Saturday, May 14, 2011

May 14, 2011

Hmmm. I haven’t felt so much joy in days. Haven’t laugh so much in months. I’ve been blown like a leaf in a storm. God is so good. But being human it’s inevitable that we must still have doubt and emotional and mental burdens. God I am human and I want some things of this earth. But I believe You have made a way.

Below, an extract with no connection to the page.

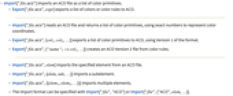 - Import["file.aco"] reads an ACO file and returns a list of color primitives, using exact numbers to represent color coordinates.

Lately, the things on my mind were/are pretty depressing. Friend wanting to visit but is now not sure he/she wants to because of “high school” (how sad that college men and women still act this way) drama. Wanting to relive my past in order to fix all the mistakes I’ve made in my life. Wanting someone to accept me as I am. But then I realized, nothing good really comes out of thinking about the past and regretting all the things that I’ve done. I’m not saying I stopped thinking about it since it’s hard to break a habit. But I should learn and think about the future. Sometimes I feel… alone. In the dark. Last night was kind of a perfect example. I’m pretty much a loner. I don’t instigate any hang-outs unless if I talk to a friend. I’m a personal-type of a guy. I guess, maybe too personal. Couped up in my house and typing these lame blogs. To some of my friends, it’s hard to be open with them. I would if it wasn’t so awkward. LOL. And I do try. Just that it tends to be that I don’t receive much but I spill my guts. Betrayed by my emotions. Will I always be this sensitive guy? I honestly wish I wasn’t but I can’t be stoic about everything. The two or three people I trust the most are usually too busy or the time difference is too great to have a nice chat. Apparently and unfortunately, I scare away all the ladies (since I can connect with them better than I can with guys) that I have feelings for, so there never is really much of a friendship. Fortunately, however, two of the three I do trust are female. Without them, I would have one friend. I’m such a loner. I’m sure there are those who think: “What about me? You don’t trust me and I’ve been your friend for years?” Well, news flash. You never share with me you deepest-darkest secrets with me willingly so how CAN I trust you? All in all, I should be DGAF about women for a long while. Make friends and learn how to party since my definition about a party is pretty lame compared to all the stories I hear from other people. So, here’s my rant (I guess) about my inner turmoil. P.S. Don’t piss me off or else you’ll receive a part of the turmoil. LOL. P.S.S I don’t really like blogging but how else would people know about a loner like me? LOL. It’s not like my friends talk to me randomly. And if they do it’s kind of like once in a lifetime.
QUESTION:
If God blessed you with something, how would He bless you? Let’s say, for an example, He gave me a woman to think about. Did He bless me to fall in love? Or is this just my own fantasy that I’ve created on my own? If He did bless me, then would I have to make a move towards the blessing in order to receive? Or does He give in full? I’ve always thought that God give us a partial blessing and tests (couldn’t think of a better word) us to reach that blessing or to achieve that blessing. Either to show that we are capable that we can handle it or something. But now, I just don’t know anymore. I want to believe He gave in full because of Jesus. But in the back of my mind it seems to easy. Wouldn’t life be easier? Then what about free will that God has given us? Does that matter in a blessing? I mean, we (the people) bless each other all the time. From a sneeze to a prayer. Is there a difference in blessings that God gives (most likely)?